__Exercise instructions__: Take the lines from the beginning of the material through the line containing "This table is" and retype them exactly, leaving the pictures out.

__Data for this exercise__:
====================

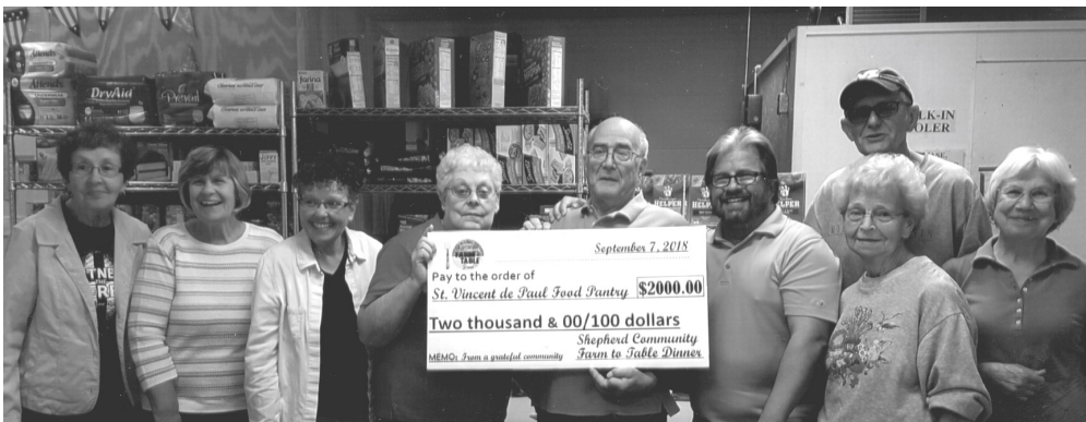
Pictured at left: A great day in our Food Pantry!

Ministry Enrichment Day is part of the Sixth Lay Ministry Assembly, whose theme is "Who Do You Say that I Am?"
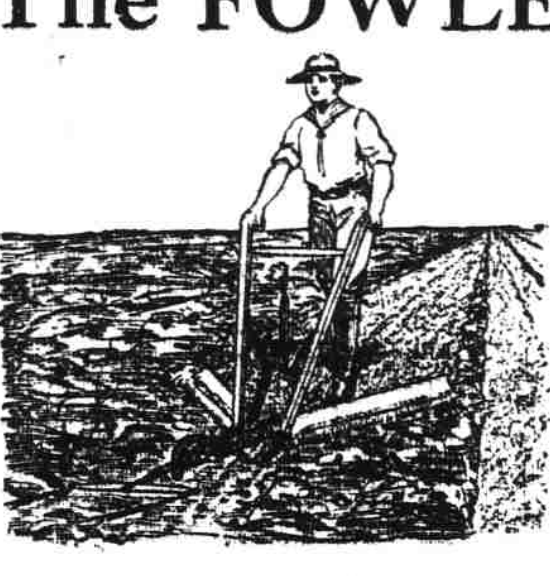
Figure 1 in Operation
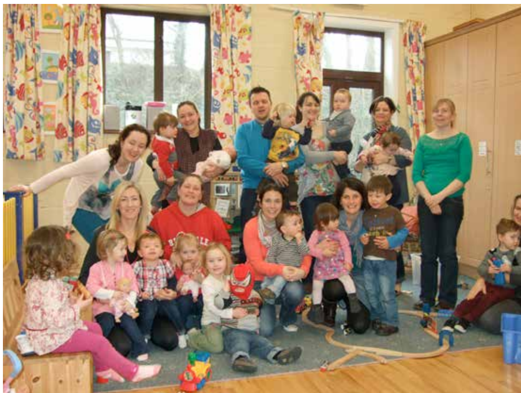
FOCUS GROUP WITH PARENTS OF YOUNG CHILDREN IN LIMERICK CITY
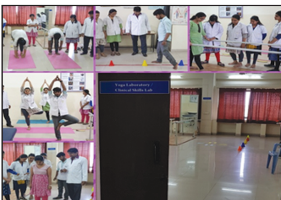
Yoga & Clinical Skill Lab
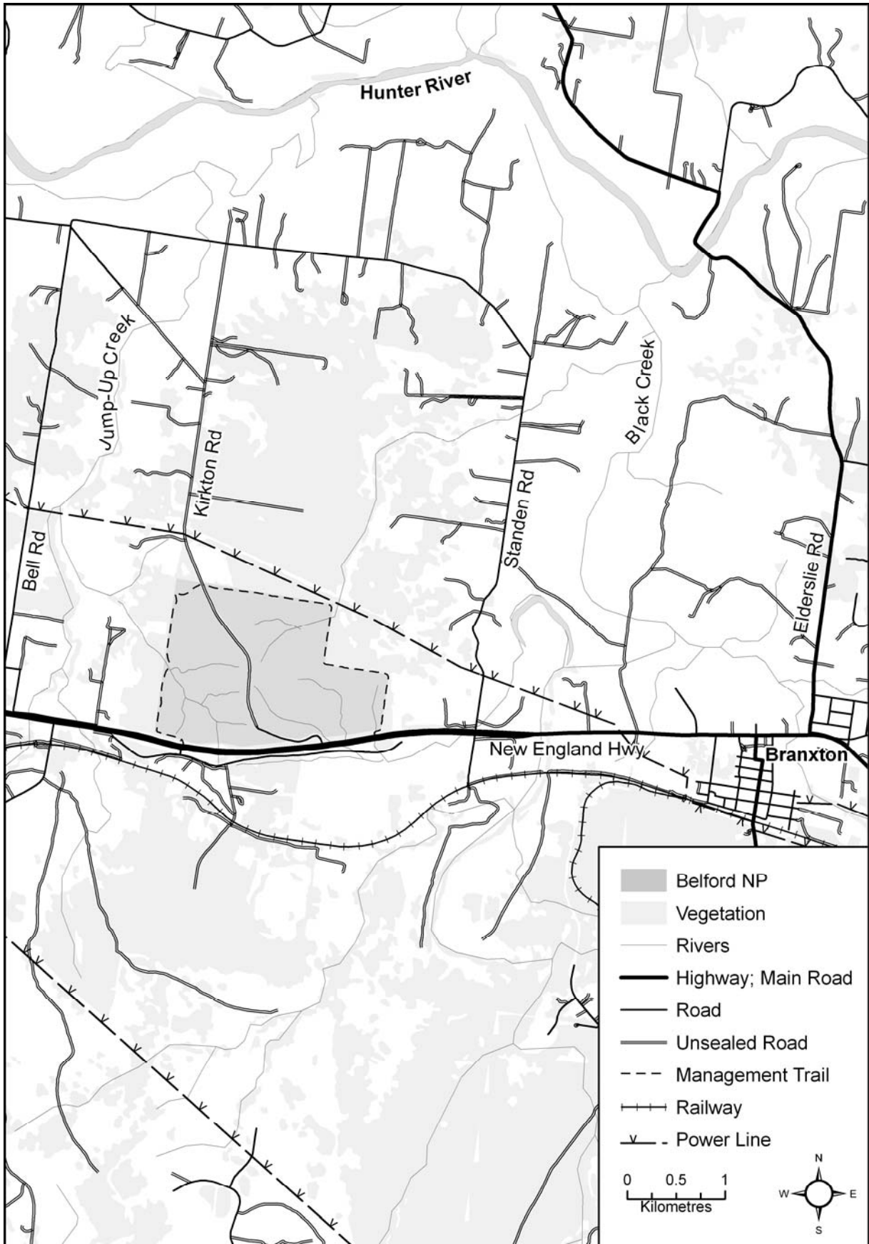
MAP 2. LOCAL SETTING
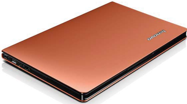
Lenovo IdeaPad U260 Clementine Orange cover
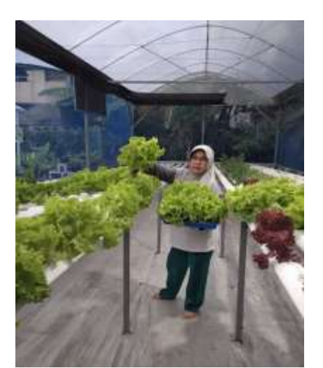
Figure: Vegetable Harvesting by KWT Puspitasari

The vegetable harvested from KWT Puspitasari are sold in the surrounding area or consumed by the management themselves. Vegetable production in this urban farming group in one week can reach twenty kilograms. Meanwhile, in the Mina Garden Spirit Group, the harvest has not yet reached the stage of selling crops. Vegetable yields in this group are still at the consumption stage for the management of this urban farming group. This is because productivity is still limited and land has not been maximized.
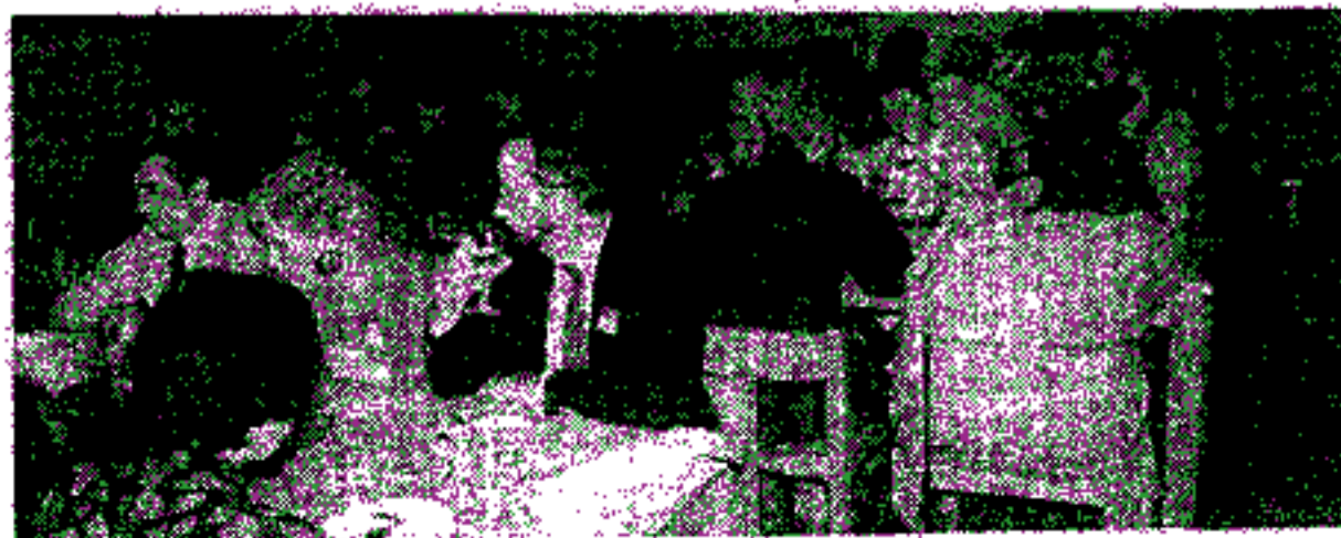
Dinner at Zebra's African Steakhouse.

varied items from Africa. We again thank all who attended the dinner for their support. To those people who took part in the Auction and were successful with their bids, we hope you are enjoying your purchases. We raised approximately $5000.
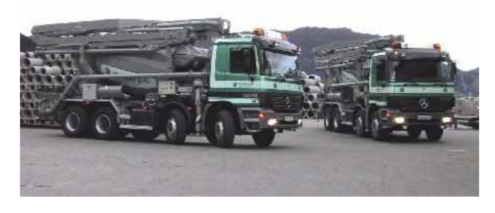
60 mill NOK invested in production fascilities and purchase of land

2011 - Ban on foreign ownership on land in border areas, - regions in Murmansk included
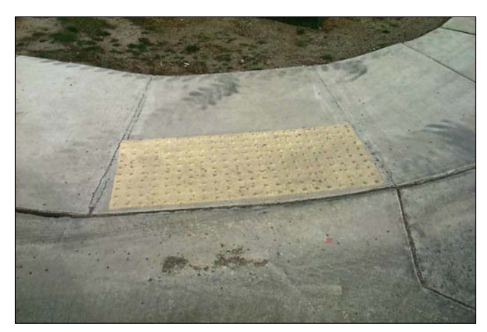
Installation 5A : located at northwest intersection of 1<sup>st</sup> Ave. N. W. and 6<sup>th</sup> St. N. W.

These installations are performing well to poor, 5 B & C has dome loss since last inspection, due to apparent blade damage. Adhesion is good. Color retention is fair.
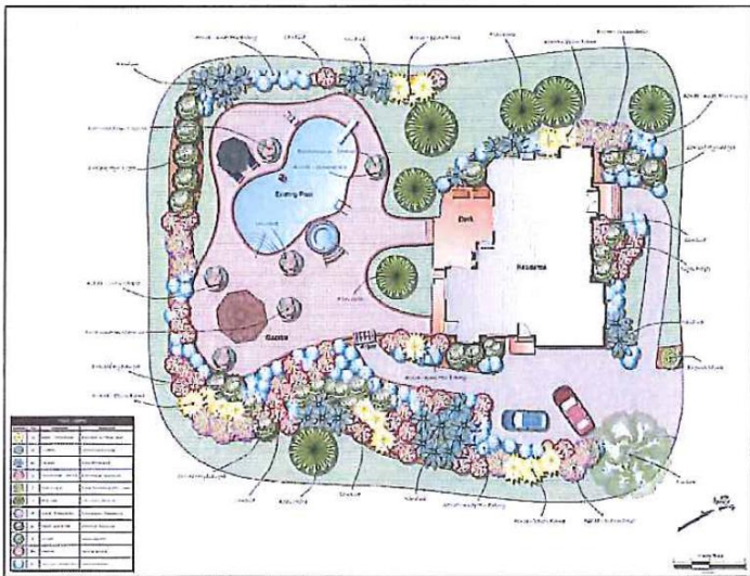
(Sample Landscape Plan)
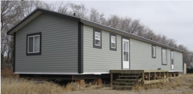
Average #2: 14'x76'
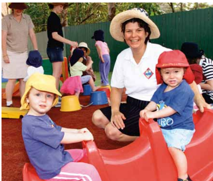
Munro Childcare Centre staff and children

This table is not a comprehensive list of all childcare centres available.
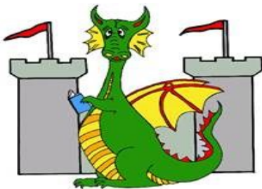
Learning Castle Children's Center L LC
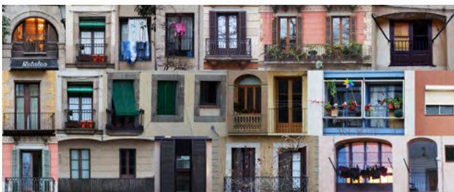
A collage of several different streets in Barcelona

People without homes and homes without people—this paradox is a major issue in many European cities, exacerbating the housing affordability crisis. However, the Basque Government (Basque Autonomous Region, Spain) has taken a proactive approach by repurposing empty homes for social rental housing. The Bizigune Program, in place since 2003, offers a win-win solution: providing hassle-free leases for owners of vacant properties while ensuring affordable rents for tenants in need. Managed by the Basque public rental housing agency, Alokabide, as of 2025 the program oversees nearly 7,400 housing units, which accounts for more than 5% of the rental housing stock in the region, effectively increasing the supply of social rental housing.
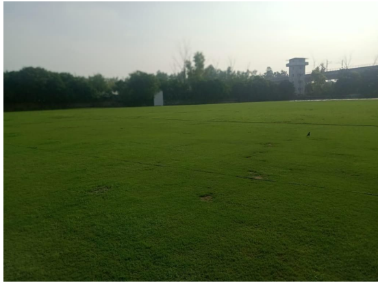
400m Grass athletic track
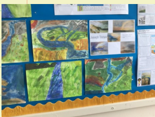
Year 5 William Turner Art

Here are links to some activities which have been happening in school this week (click on pictures) -
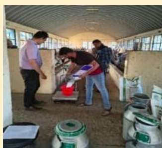
Individual milk recording started at LFC
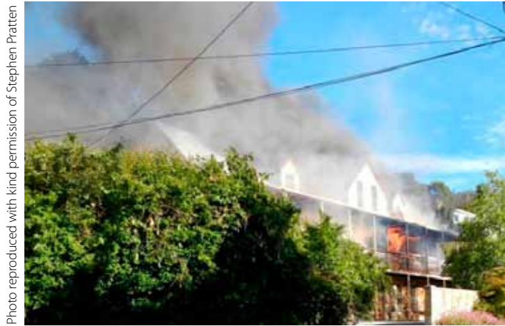
The Old Coaching Inn ablaze, 4 November 2014

The period between the September and March editions of the newsletter is traditionally one of the busiest for the Taroona Volunteer Fire Brigade. At the time of writing, this summer has been generally very quiet. There have been no serious bushfires in the State and the all work undertaken by the brigade has been carried out within the local area, apart from crews attending a vegetation fire at Runnymede near Buckland in November. There have been a number of small incidents ranging from dustbin fires to spiders behind sensors, but two jobs in Taroona received significant media attention.
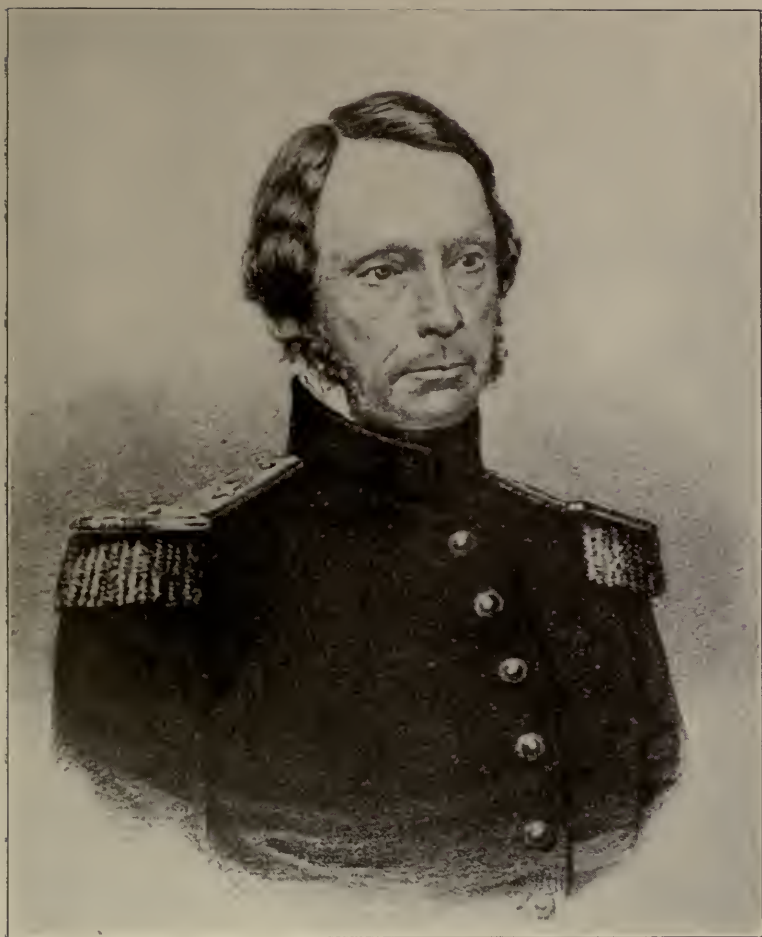
STEPHEN H. LONG.
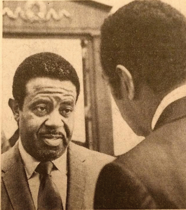
The Rev. Ralph David Abernathy, left, and Representative John Conyers Jr., Michigan Democrat, at news conference.

Meanwhile, Representative John Conyers Jr., Democrat
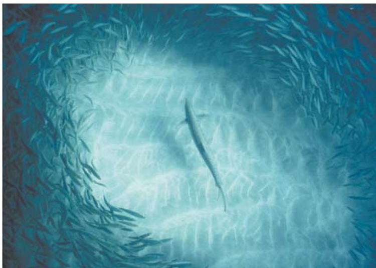
Figure 18.2 School fish and piscivores: a predatory spanish mackerel hunting hardy heads

Caranx ignobilis , giant trevally; Carangoides fulvoguttatus , gold-spotted trevally), Coryphaenidae (eg Coryphaena hippurus , dolphinfish) and at the largest end of the fin-fish tree the sailfish and marlins of the family Istiophoridae (eg Istiophorus platyerus , sailfish; Makaira mazara , black marlin).
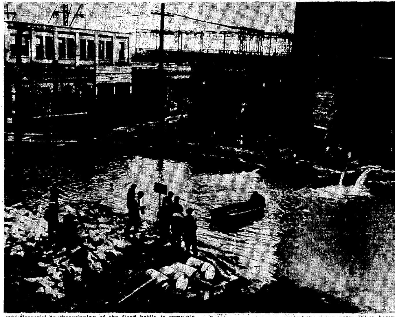
Essential to the winning of the flood battle is complete maintenance of power feeder lines throughout the city and right in the front line of the river's attack is the Mill street sub-station (above) where service men and volunteers are fighting a ceaseless war against the rising water. Dikes, heavy duty pumps and other flood-fighting equipment are being used to protect vital dynamos and transmission circuits.

Here is the breakdown for the three services: Army: Working now, 1,020; en route to Winnipeg or on reserve force call-up lists, 1,290. Navy: Working now, 300; en route to city, 84. Air Force: Working now, 400. The army total does not in-
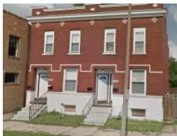
2806-2808 Iowa Ave, St. Louis, MO 63118 4-family, 3,600 sq. ft. - $132,500

====================

__Solution to the problem__:
Pictured at left: A great day in our Food Pantry!

Ministry Enrichment Day is part of the Sixth Lay Ministry Assembly, whose theme is "Who Do You Say that I Am?"
Figure 1 in Operation
FOCUS GROUP WITH PARENTS OF YOUNG CHILDREN IN LIMERICK CITY
Yoga & Clinical Skill Lab
MAP 2. LOCAL SETTING
Lenovo IdeaPad U260 Clementine Orange cover
Figure: Vegetable Harvesting by KWT Puspitasari

The vegetable harvested from KWT Puspitasari are sold in the surrounding area or consumed by the management themselves. Vegetable production in this urban farming group in one week can reach twenty kilograms. Meanwhile, in the Mina Garden Spirit Group, the harvest has not yet reached the stage of selling crops. Vegetable yields in this group are still at the consumption stage for the management of this urban farming group. This is because productivity is still limited and land has not been maximized.
Dinner at Zebra's African Steakhouse.

varied items from Africa. We again thank all who attended the dinner for their support. To those people who took part in the Auction and were successful with their bids, we hope you are enjoying your purchases. We raised approximately $5000.
60 mill NOK invested in production fascilities and purchase of land

2011 - Ban on foreign ownership on land in border areas, - regions in Murmansk included
Installation 5A : located at northwest intersection of 1<sup>st</sup> Ave. N. W. and 6<sup>th</sup> St. N. W.

These installations are performing well to poor, 5 B & C has dome loss since last inspection, due to apparent blade damage. Adhesion is good. Color retention is fair.
(Sample Landscape Plan)
Average #2: 14'x76'
Munro Childcare Centre staff and children

This table is not a comprehensive list of all childcare centres available.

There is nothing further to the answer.